The corridors of power ...
Melanie Johnson, competition minister at the DTI, is rapidly showing herself to be one of the sharpest non-cabinet members in the government.
Melanie Johnson, competition minister at the DTI, is rapidly showing herself to be one of the sharpest non-cabinet members in the government.
Her performance in Brussels last week, when she held key talks with Harvey Pitt, chairman of the US Securities and Exchange Commission over the contentious legislation rushed through after Enron, is known to have impressed the prime minister.
Pitt was in Brussels to listen to deep-seated worries about the so-called Sarbanes-Oxley Act which threatens to bind foreign firms and companies to US laws.
It is accepted in Downing Street that Johnson’s intervention played a not inconsiderable part in the outcome which, at the least, is the possibility of a compromise.

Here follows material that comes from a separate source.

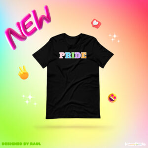 “When I was creating these designs, I wanted to create something a bit different than the usual pride designs out there. I believe that the word PRIDE and phrase LOVE IS LOVE in itself does a great job representing the LGBTQIA+ community and movement. By having this perspective, I was able to play more around with the different tones of the pride rainbow symbol. Even though these designs do not have all the colors of the pride rainbow symbol, they resemble elements of it while showcasing the essence of the LGBTQIA+ community and movement.” – Raul Chaidez

European companies using the US capital markets are looking for exemption from these new laws which are considered heavy-handed and stretch beyond the shores of the United States to affect such foreign companies.
Pitt stressed that scandals and corporate governance are not simply US problems and that was why the new laws had been framed in the way they had.
But Johnson was quick to point out that the US laws were not appropriate in the UK where she claimed corporate regulation was markedly different from the US.
After the meeting Pitt told his colleagues that she had gone a considerable way to convincing him that UK practice was more robust than that of his own country.
Johnson was candid enough to admit, however, that it was not impossible for an Enron-type collapse in this country.
But it was partly her candour and partly her comprehensive exposition of UK rules which may have driven Pitt to consider exempting areas of Europe from this new legislation.